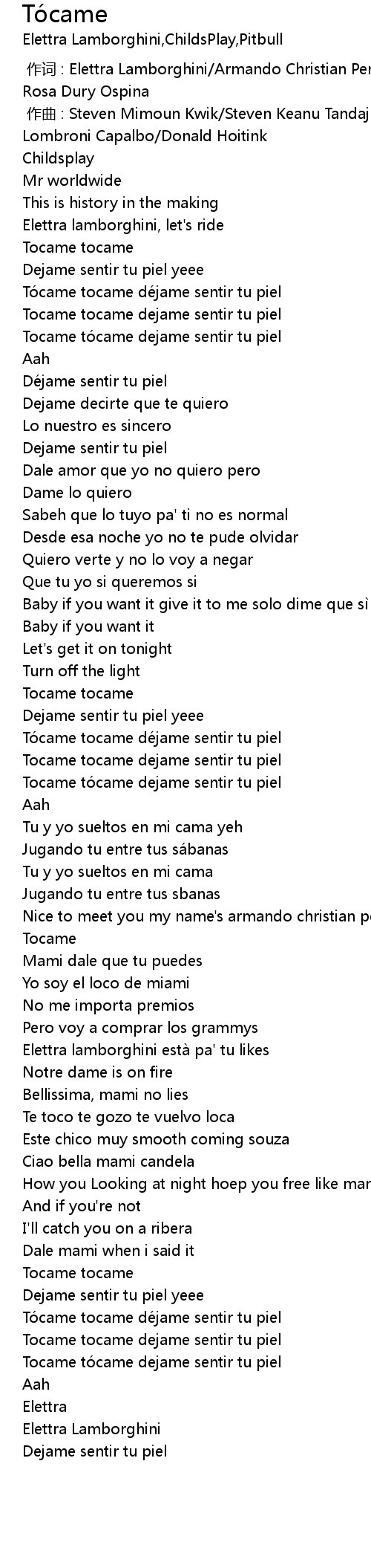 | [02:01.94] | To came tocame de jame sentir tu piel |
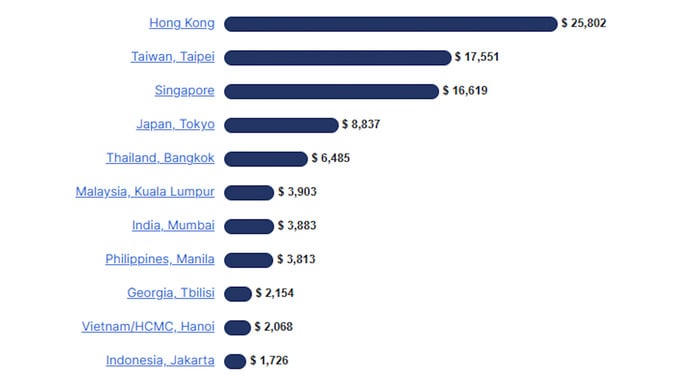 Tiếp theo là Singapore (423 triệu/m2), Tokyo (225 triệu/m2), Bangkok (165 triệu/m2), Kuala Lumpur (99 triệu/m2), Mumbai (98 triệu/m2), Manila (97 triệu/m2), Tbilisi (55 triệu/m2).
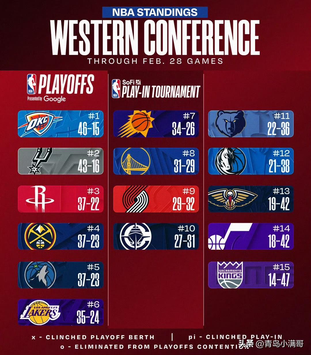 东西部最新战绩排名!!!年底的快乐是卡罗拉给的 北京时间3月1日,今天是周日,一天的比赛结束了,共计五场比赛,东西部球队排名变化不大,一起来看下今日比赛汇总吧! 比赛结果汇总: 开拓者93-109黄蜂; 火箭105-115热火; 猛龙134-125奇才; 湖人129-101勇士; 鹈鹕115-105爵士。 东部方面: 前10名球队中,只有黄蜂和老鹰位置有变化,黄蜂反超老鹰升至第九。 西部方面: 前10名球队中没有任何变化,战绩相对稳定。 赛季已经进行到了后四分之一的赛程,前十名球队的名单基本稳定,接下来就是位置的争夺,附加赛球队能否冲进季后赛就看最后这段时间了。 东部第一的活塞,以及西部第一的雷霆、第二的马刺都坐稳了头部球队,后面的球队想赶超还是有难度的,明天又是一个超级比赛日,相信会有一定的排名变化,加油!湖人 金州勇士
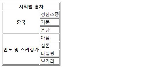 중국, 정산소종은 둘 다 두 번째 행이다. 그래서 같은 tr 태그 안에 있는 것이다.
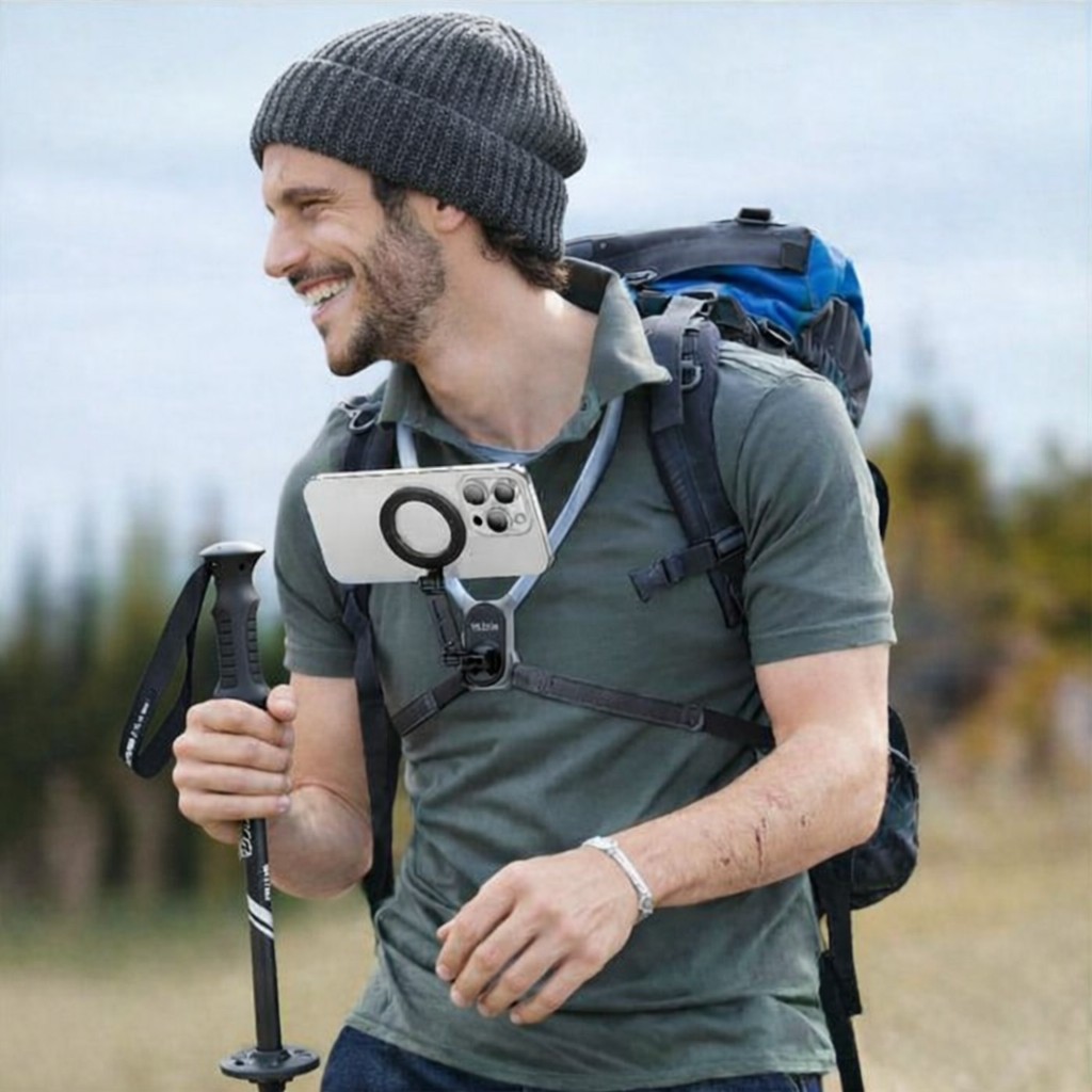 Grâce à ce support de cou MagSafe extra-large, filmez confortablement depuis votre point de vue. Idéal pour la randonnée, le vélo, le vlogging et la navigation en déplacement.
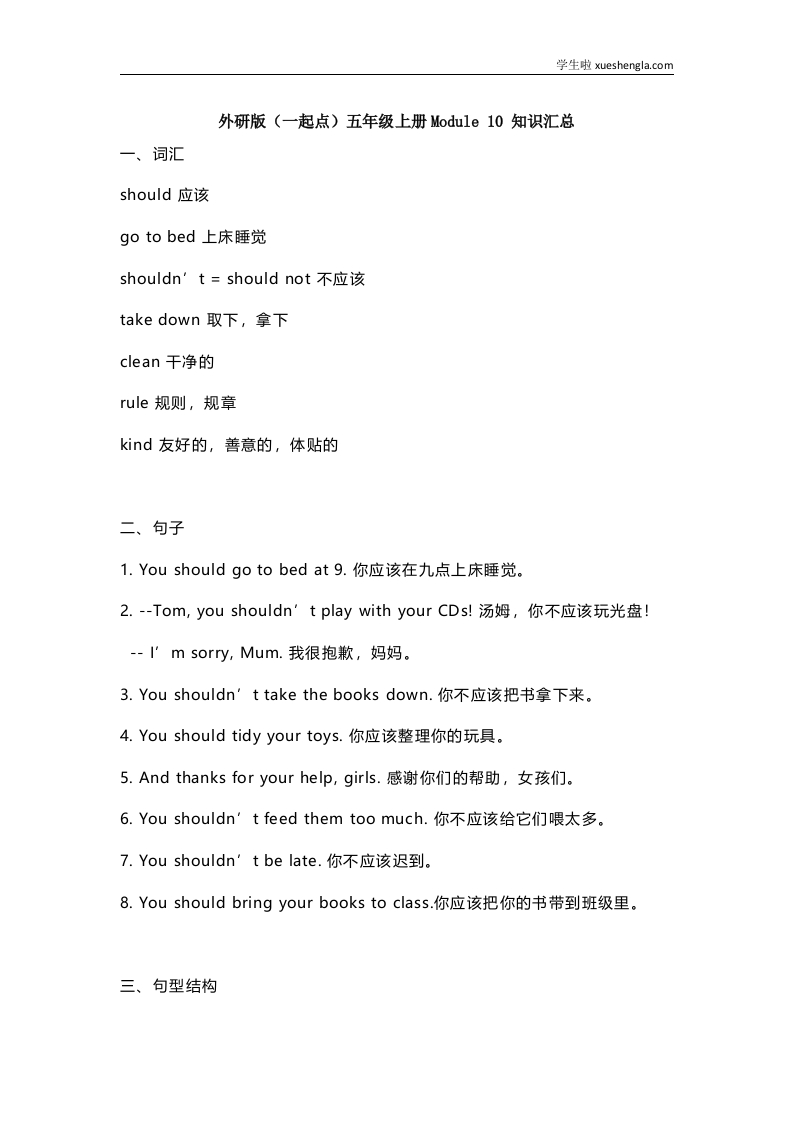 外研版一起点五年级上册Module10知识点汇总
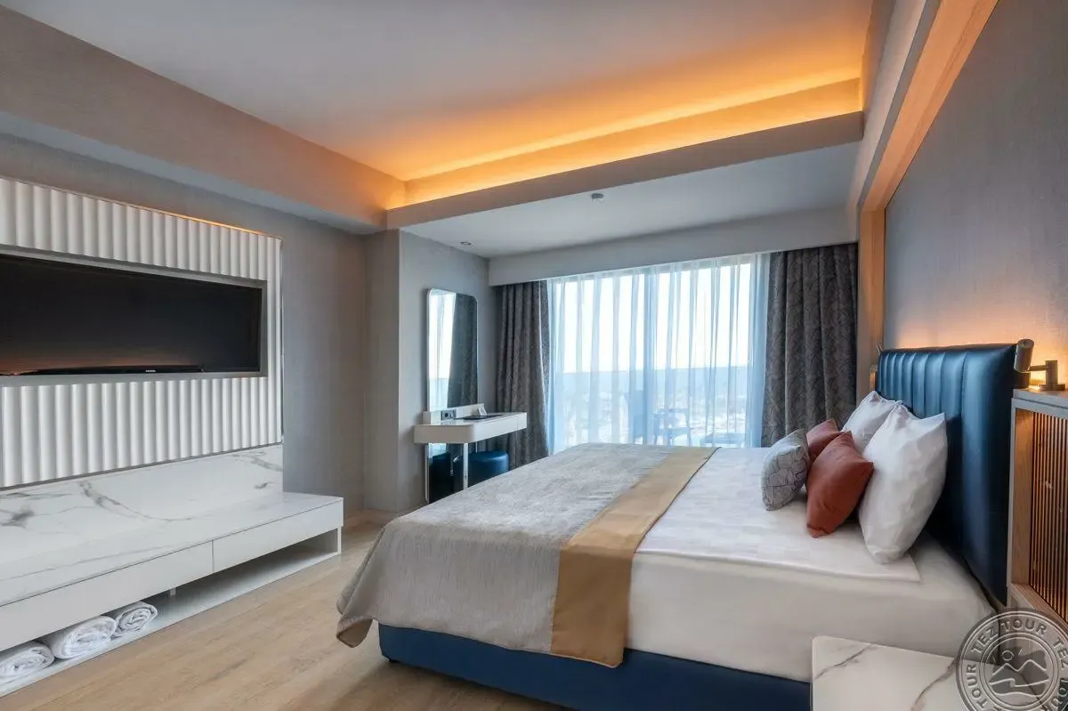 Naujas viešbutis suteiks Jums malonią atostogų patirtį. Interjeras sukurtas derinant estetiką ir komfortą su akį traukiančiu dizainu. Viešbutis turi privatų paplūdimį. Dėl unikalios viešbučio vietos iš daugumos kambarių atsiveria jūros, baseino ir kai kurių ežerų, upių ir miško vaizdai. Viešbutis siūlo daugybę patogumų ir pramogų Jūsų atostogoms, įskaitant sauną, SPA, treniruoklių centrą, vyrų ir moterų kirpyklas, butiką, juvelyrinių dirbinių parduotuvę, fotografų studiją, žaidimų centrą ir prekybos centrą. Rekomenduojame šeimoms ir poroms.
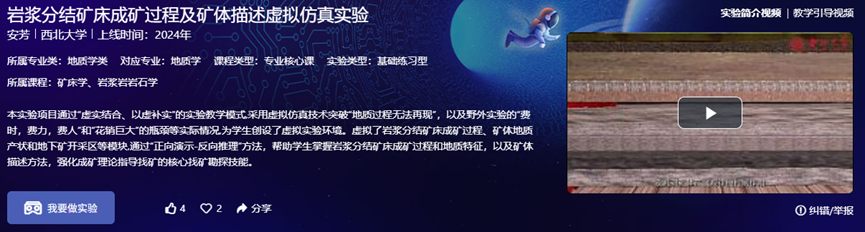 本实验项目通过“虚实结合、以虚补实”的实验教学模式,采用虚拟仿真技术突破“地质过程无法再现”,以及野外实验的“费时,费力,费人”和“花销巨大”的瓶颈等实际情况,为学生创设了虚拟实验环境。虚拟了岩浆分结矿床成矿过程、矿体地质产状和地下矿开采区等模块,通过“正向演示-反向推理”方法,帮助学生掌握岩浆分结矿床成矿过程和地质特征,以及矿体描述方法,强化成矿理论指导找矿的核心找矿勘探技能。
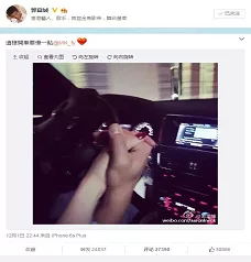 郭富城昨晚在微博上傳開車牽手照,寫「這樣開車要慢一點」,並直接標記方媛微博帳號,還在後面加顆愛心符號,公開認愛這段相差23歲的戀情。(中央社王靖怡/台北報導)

:: EXERCISE BRIEF ::
Only the lines of the listing above from the one with "중국, 정산소종은 둘" through the one with "外研版一起点五年级上册Module10知识点汇总" should be output, exactly, with both ends kept and pictures left out.

:: RESULT FOR THIS TASK ::
 중국, 정산소종은 둘 다 두 번째 행이다. 그래서 같은 tr 태그 안에 있는 것이다.
 Grâce à ce support de cou MagSafe extra-large, filmez confortablement depuis votre point de vue. Idéal pour la randonnée, le vélo, le vlogging et la navigation en déplacement.
 外研版一起点五年级上册Module10知识点汇总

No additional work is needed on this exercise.